Relying on Standard Oil Co. v. New Jersey (1951) 341 U.S. 428, 71 S.Ct. 822, 95 L.Ed. 1078, plaintiffs argue due process required they receive mailed and published notice by the Controller upon both his receipt of their shares from Nebraska and prior to him selling their shares. Standard Oil is distinguishable. That case concerned a judicial procedure by which the state took permanent title to the abandoned property following a noticed hearing and entry of judgment. Even in those adjudicative circumstances, the Supreme Court determined notice by publication, as authorized by the relevant statute, was constitutionally adequate. (341 U.S. at pp. 432-435, 71 S.Ct. 822.)

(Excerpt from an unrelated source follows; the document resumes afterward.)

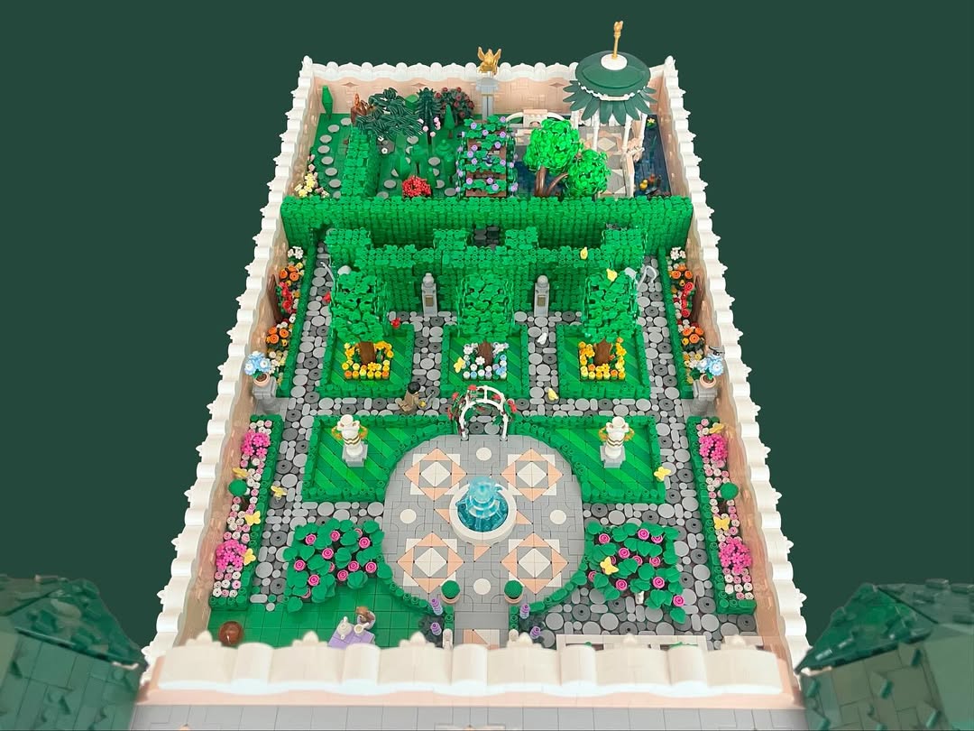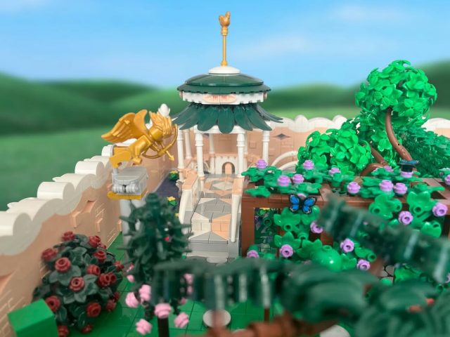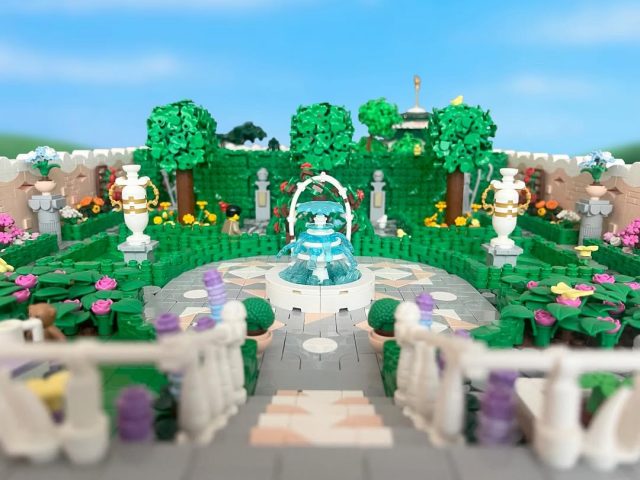 LEGO castles, both official sets and fan creations, tend to focus on medieval fortresses, but most of the royal palaces still standing in Europe are built around gardens, not garrisons. Palaces like this one from Swedish builderĀ Mikael Norling. While the builder doesn’t list a specific inspiration, the design, with the mix of light nougat and white, captures the aesthetics of 17th and 18th-century palaces inspired by the grandeur of Versailles. The Baroque touches use boomerangs, forks, ferns, flowers, and more to provide texture and detail.

Here, the state did not take title to plaintiffs' shares, but only held them as custodian. Moreover, the Nebraska state treasurer notified plaintiffs by mail to their last known address of record of the escheat, and the Unclaimed Property Law notified them their property would escheat automatically without a court hearing and would be sold without further notice. Standard Oil does not address these circumstances.
Plaintiffs argue the Controller's alleged violations of the Unclaimed Property Law's noticing requirements also violated their due process rights. We have already determined what process was due. That the Legislature imposed additional noticing requirements on the Controller beyond the requirements of due process does not alter our due process analysis. (See Jones v. United States (9th Cir.1997) 121 F.3d 1327, 1332.)
The undisputed facts demonstrate plaintiffs received all notice constitutionally due them. The trial court correctly granted summary adjudication against them on their due process claims.
Our determinations moot plaintiffs' remaining arguments.2
The judgment is affirmed.
1. Fong filed a cross-motion for summary judgment, raising essentially the same arguments he raised in his earlier motion. The trial court denied Fong's cross-motion.
2. Plaintiffs ask us to take judicial notice of certain actions allegedly taken by the Controller in response to the Legislature's recent elimination of the requirement imposed on the state to pay interest on claims made for unclaimed property. (Stats.2003, ch. 228, § 8.) Plaintiffs argue the Controller's actions represent the “decisional” law of the state of which we must take judicial notice. (Evid.Code, § 451, subd. (a).) We disagree and deny the request. We also deny as moot plaintiffs' motion to file a reply in response to the Controller's opposition to plaintiffs' initial request.
We concur: SCOTLAND, P.J., and MORRISON, J.